This is the assignment. There are a bunch of contemporaneous names that could make up a great shortlist.
Davies Bros
And what two US songwriters could have competed with them both??!~
Partnerships are rare and special things. You can never put two independent fully-formed personalities together and expect them to become greater than the sum of their parts. Blind Faith was started because Eric Clapton wanted to work with Steve Winwood. Their first album had great stuff. The group had great potential. But they weren’t a pair of songwriters. How many can you name in any music of any kind of any time? Every pairing that was a true half-and-half I can think of was either two young people or an older name taking on a young up-and-comer.
The closest competitor the Beatles had was Jagger-Richards, who you can make a good case exceeded them by the end of the Beatles run.
For the Tanks, how about Henley and Frey?
Yanks
I would love to hear what Elvis Costello and Roger Waters could beget.
mmm
Vivian Stanshall and Neil Innes.
Steve Winwood and Jin Capaldi
Rogers and Hart?
It’s not clear to me whether the OP is looking for songwriters who could, working together in partnership, have competed with The Beatles, or just two songwriters whose individual talent and output adds up to something in the same ballpark as Lennon and McCartney.
If the latter, Ray Davies definitely deserves to be one of the names on the shortlist. But as a songwriter, he was never much of a collaborator (though it’s fun to speculate what he might have come up with if he had worked with, say, Bowie). Dave may have had more input into the Kinks’ songs than he gets credit for, but the Davies brothers were never a songwriting team the way Lennon & McCartney were. As a songwriter, Dave was to the Kinks what George was to the Beatles.

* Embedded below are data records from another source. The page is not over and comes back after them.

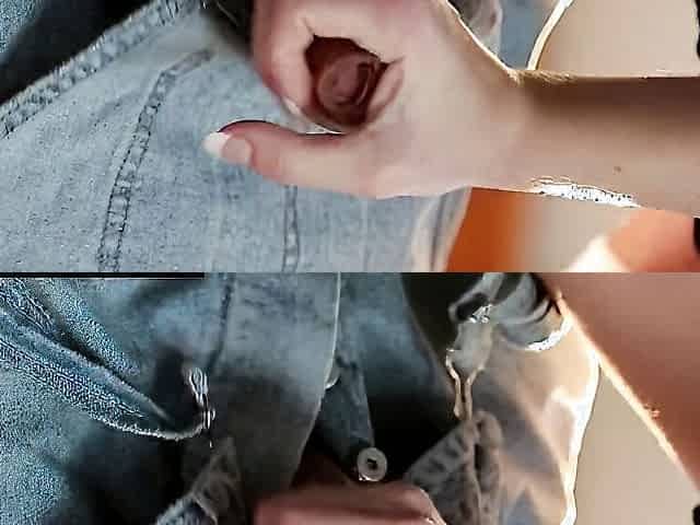 Ebony babe in kitchen gets cumshot after giving hot handjob
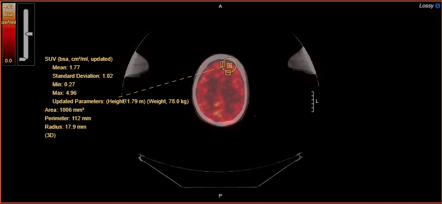 Figure 1 : Updated height and weight parameters in SUV measurement overlay
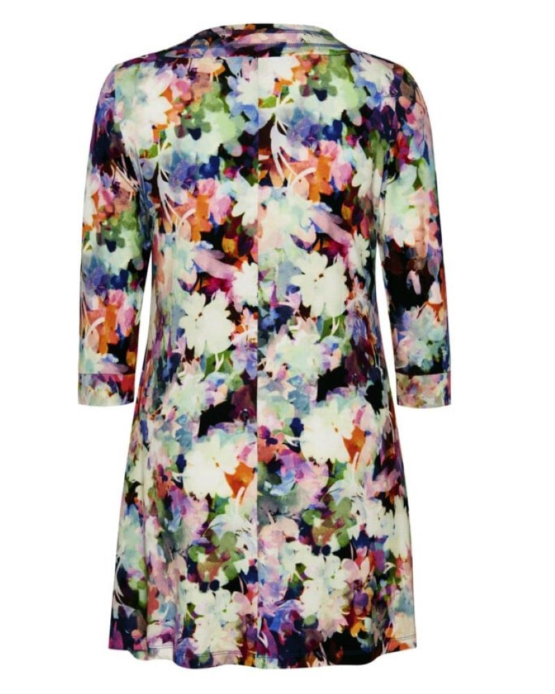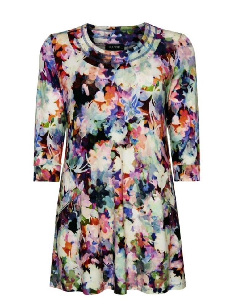 Härlig tunika i mjuk trikå från Kanok. Denna heter Sandy och är rundad i halsen och har två dekor dragkedjor framtill. Formen är A-ställd.
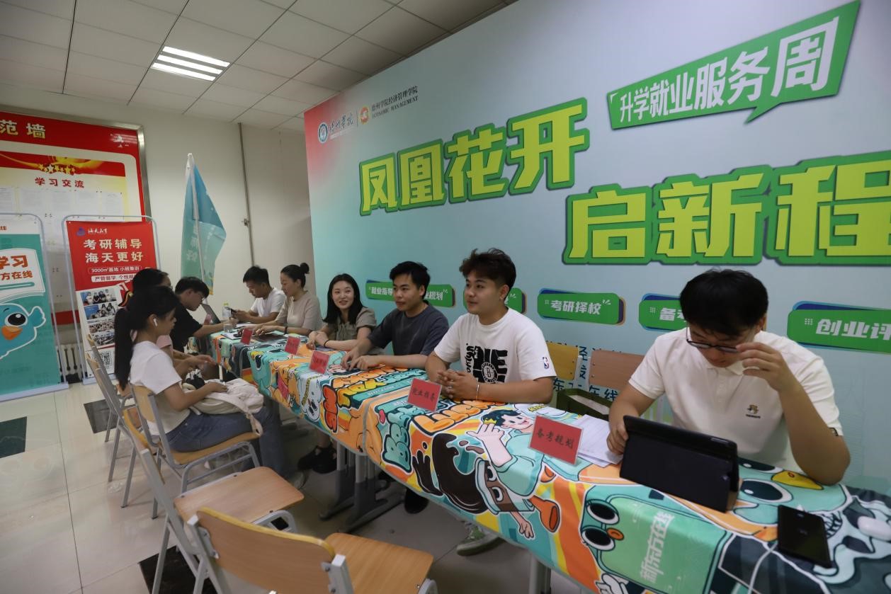 活动内容包括就业指导、职业规划、出国留学、考研择校、备考规划、创业评估等六个部分内容,组织优秀就业指导老师、人力资源服务企业走进校园,送政策、送指导、送信息、送服务。活动现场气氛活跃,毕业生积极与导师沟通,就自己在求职创业、出国考研等方面的疑惑和老师们进行交流,职业导师对同学们的简历制作、求职技巧及创业帮扶、创业规划等进行现场指导。
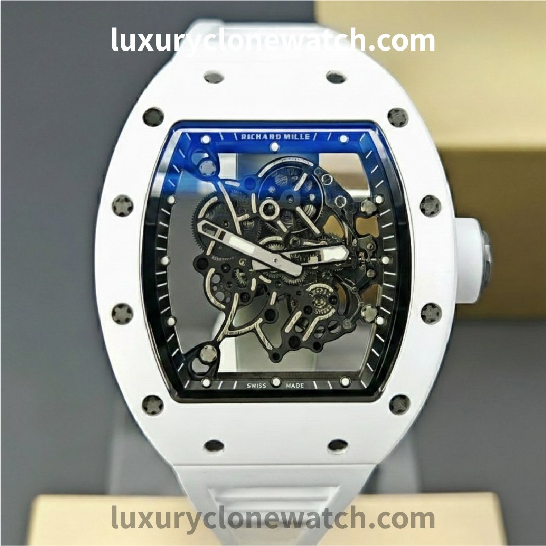 Richard Mille Super Clone Watches 1:1 RM 055 Ceramics Tourbillon White Strap
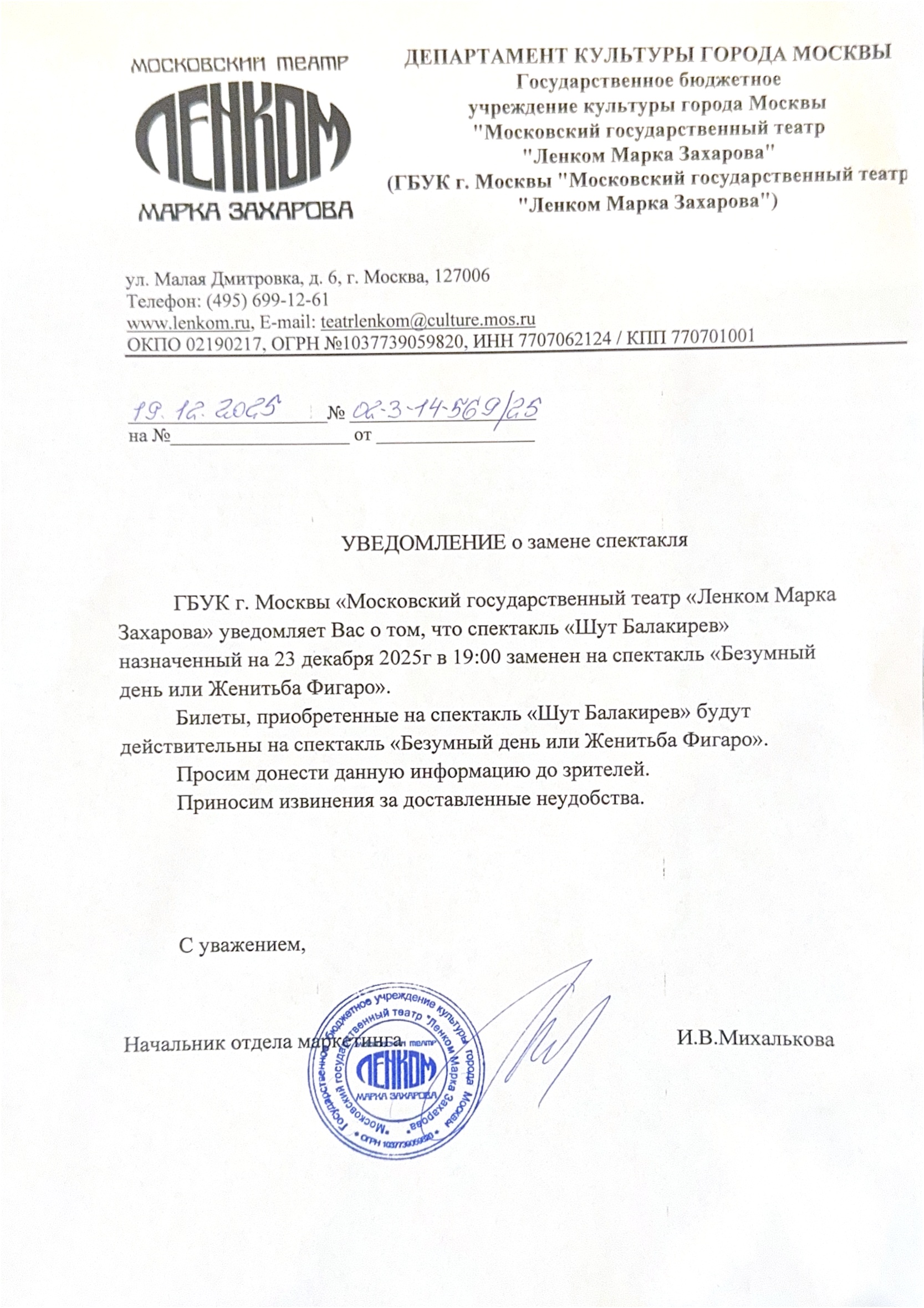 Уважаемый клиент! Спешим сообщить, что по информации, полученной от организатора, спектакль «Шут Балакирев», запланированный на 23 декабря 2025 года в 19:00 в театре «Ленком», заменён на спектакль «Безумный день или женитьба Фигаро». Ранее приобретенные билеты действительны, обменивать их не нужно. Если вам не удобно посетить мероприятие, вы можете вернуть билет по кнопке в личном кабинете во вкладке «Заказы». Деньги за электронные билеты вернутся автоматически в полном объёме на карту, с которой была произведена оплата. Если вы купили билет в кассе Ticketland.ru за наличный расчет, то обратитесь, пожалуйста, на почту: vozvrat@ticketland.ru. Письмо от организатораС уважением, команда поддержки Ticketland

Elvis has, of course, collaborated with McCartney (on songs like Veronica and My Brave Face). The results weren’t bad, but they weren’t the next Lennon-McCartney or anything.
Third vote for Ray Davies. Collaborating with any other top-rate songwriter he could hold his nose and work alongside. My personal vote would be Syd Barrett. Ray drunk and Syd tripping might have produced some epic material.
OK I couldn’t get enough words into the title to express myself completely.
I’m trying to consider fantasy bands which have two songwriters in them who are from the same era as the fabs, generally, who would work together and make the kind of partnership that might have competed with the beatles for quality and success. I don’t think the stones succeeded at that, ymmv.
If you really feel that someone couldn’t work with others OK. But I’m not limiting myself that way.
So far the only person who’s playing is Uke. Ray and Syd. It’s going to take me a little bit to try it out in my mind.
My feeling is that the fabs had two stellar songwriters and that the beach boys, kinks, and many others, not to mention dylan and other solos, had to rely on one person for the bulk of the material. So it was that much harder to compete. Look what it did to Brian.
Top of my head … Peter Green/Amy Winehouse
How about Katie Bush/Radiohead
Until the OP clarified his intent, I would have suggested Tillbrook and Difford (of Squeeze) as a British songwriting partnership in the same ballpark as Lennon and McCartney.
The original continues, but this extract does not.